Во время моего первого знакомства с Москвой меня всего более поразило следующее обстоятельство. Идешь, бывало, по широкой, людной улице и видишь, что на каждом пункте ее кипит та деятельная, столичная жизнь, которая, как известно всякому мало-мальски порядочному фланеру-наблюдателю, заставляет любопытных провинциалов останавливаться чуть ли не на каждом шагу и смот-иеть на ее суету с неприличным даже раскрытием рта. Так вот, говорю, идешь по такой улице, и постоянно тебе мечутся в большие глаза эти чудаки, до глупости заинтересованные разыгрывающеюся на ней ярмаркой столичного тщеславия, до болезни глушит тебе уши грохот экипажей, и так это всего тебя распалит и разозлит эта «людская молвь и конский топот»[2], что, натурально, озлобляешься против этого ничем не смущаемого зеваки.

«Эдакой балбес!.. Чего он тут зевает? – с какою-то злобой думаешь про любопытного. – Так спокойно загородил тротуар, как будто он устроил его исключительно для своего удовольствия».

Но не в этом дело. Главная сила вот в чем: оглушенные страшным шумом одной из главных улиц столицы, вы вдруг совершенно неожиданно, как бы по воле могучего чародея, переноситесь из этого места будто за тридевять земель. Так велика бывает разница в жизни московских местностей, находящихся в самом близком соседстве, что, перешагнувши иной раз из одной улицы в другую, вы только возможностью волшебства объясняете себе эту странную перемену домов, людей и даже самого климата.

Разозленные грохотом экипажей, навязчивостью разносчиков, неотразимыми претензиями на вашу щедрую милостыню тьмы темных личностей, извозчиками, которые, как будто с намерением, злят ваше плебейство титулом сиятельства, наконец, полным счастьем восторгающегося всеми этими прелестями провинциала, вы кисло морщитесь, поворачиваете направо или налево – и декорация в мгновение ока окончательно изменяется.

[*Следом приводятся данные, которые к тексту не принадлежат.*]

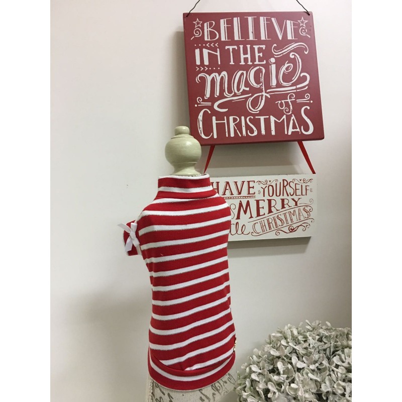 Pigiamino a righe rosse, bianche lurex argento con fiocchetti in raso bianco .... ottimo per aspettare Babbo Natale e i suoi doni...

Пред вами уже не те изумительно грандиозные четырехэтажные дома в половину квартала, невольно заставляющие вас, при взгляде на них, раздуматься: обыкновенными ли человеческими силами строили их владельцы или они прибегали в этом случае к каким-нибудь волхвованиям?.. Таких палат, говорю, нет и в помине.

Перед вами робко вытянулся ряд скромных домиков, с этими милыми кисейными или ситцевыми оконными занавесками, дающими вам неотъемлемое право предполагать, что за ними скрывается бедное, но благородное семейство, – с заборами, утыканными гвоздями и увенчанными наследственными деревьями, с туго припертыми воротами, с голодной и слепою собакой, равнодушной ко всему окружающему и глубокомысленно молчаливой. Ряд этих патриархальных приютов обыкновенно начинается мелочною лавкой, а оканчивается будкой. У лавки стоит краснощекий хозяин в засаленном, как чумацкая рубаха, фартуке, всегда без картуза, с руками знаменательно заложенными за спину. На губах его сияет улыбка. Из окна, противоположного лавке, его высокоблагородие Роман Ефимыч, отставной майор и кавалер из палочной академии, «вежливенько», как бы и своего брата майора или титуляра, приглашает лавочника на чашку чаю. На крыльце будки сидит неразгаданный будочник: я потому употребляю этот эпитет, что обыкновенно решительно невозможно отгадать, дремлет ли будочник, утомленный долгим бодрствованием, или он так же бесцельно, как бесцельно бодрствует, смотрит на широкое картинное всполье, раскидывающееся за такою будкой.

В подобных улицах только и есть эти два пункта, откуда еще проглядывает жизнь. Остальные точки их решительно необитаемы и безжизненны, следовательно, девственны. Дальше слышно и видно только, как наследственные деревья, осеняющие гвоздистые заборы, дремотно качают верхушками и тихо шуршат листьями. Мертвая, ничем не прерываемая тишина и молчание самое усыпляющее завершают картину…

Почва этих, редкому смертному известных стран должна быть очень плодородна, потому что вся весьма тщательно удобрена всеми принадлежностями, негодными в хозяйстве: старыми, дотла изношенными подошвами, золой и разного рода, весьма легко поддающимися гниению, остатками от некогда, по всем вероятиям, пышных одежд. Распаханная неизвестно когда и неизвестно зачем проехавшими тут колесами, почва представляет все возможности прозябать на ней разной травке, достаточно высокой для того даже, чтобы в ней резвились и прятались разношерстные котята.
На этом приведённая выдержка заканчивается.